:: Input for this task
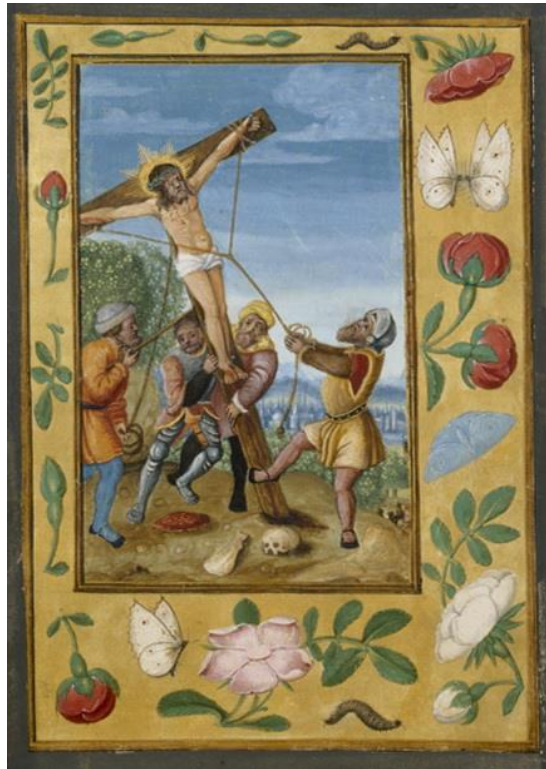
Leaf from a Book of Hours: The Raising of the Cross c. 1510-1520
::::
:: Input for this task
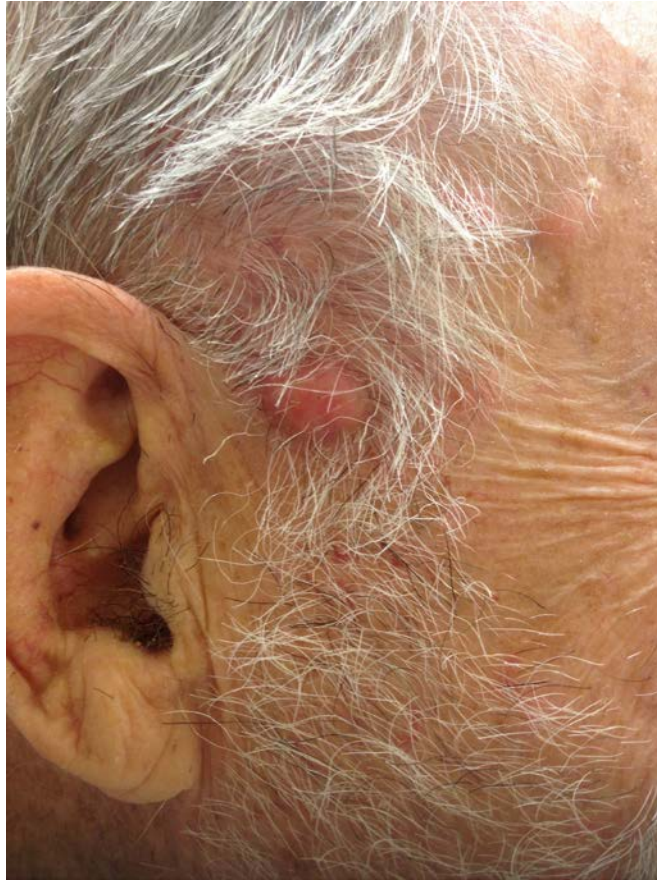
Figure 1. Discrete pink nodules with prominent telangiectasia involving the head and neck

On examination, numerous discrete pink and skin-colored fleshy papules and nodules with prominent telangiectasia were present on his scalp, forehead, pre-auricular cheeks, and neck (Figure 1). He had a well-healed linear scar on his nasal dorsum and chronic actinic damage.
::::
Problem requirements:
Given the data above, transcribe exactly the lines from the one containing "Figure 1. Discrete" down to the one containing "On examination, numerous", and no others.

Written response:
Figure 1. Discrete pink nodules with prominent telangiectasia involving the head and neck

On examination, numerous discrete pink and skin-colored fleshy papules and nodules with prominent telangiectasia were present on his scalp, forehead, pre-auricular cheeks, and neck (Figure 1). He had a well-healed linear scar on his nasal dorsum and chronic actinic damage.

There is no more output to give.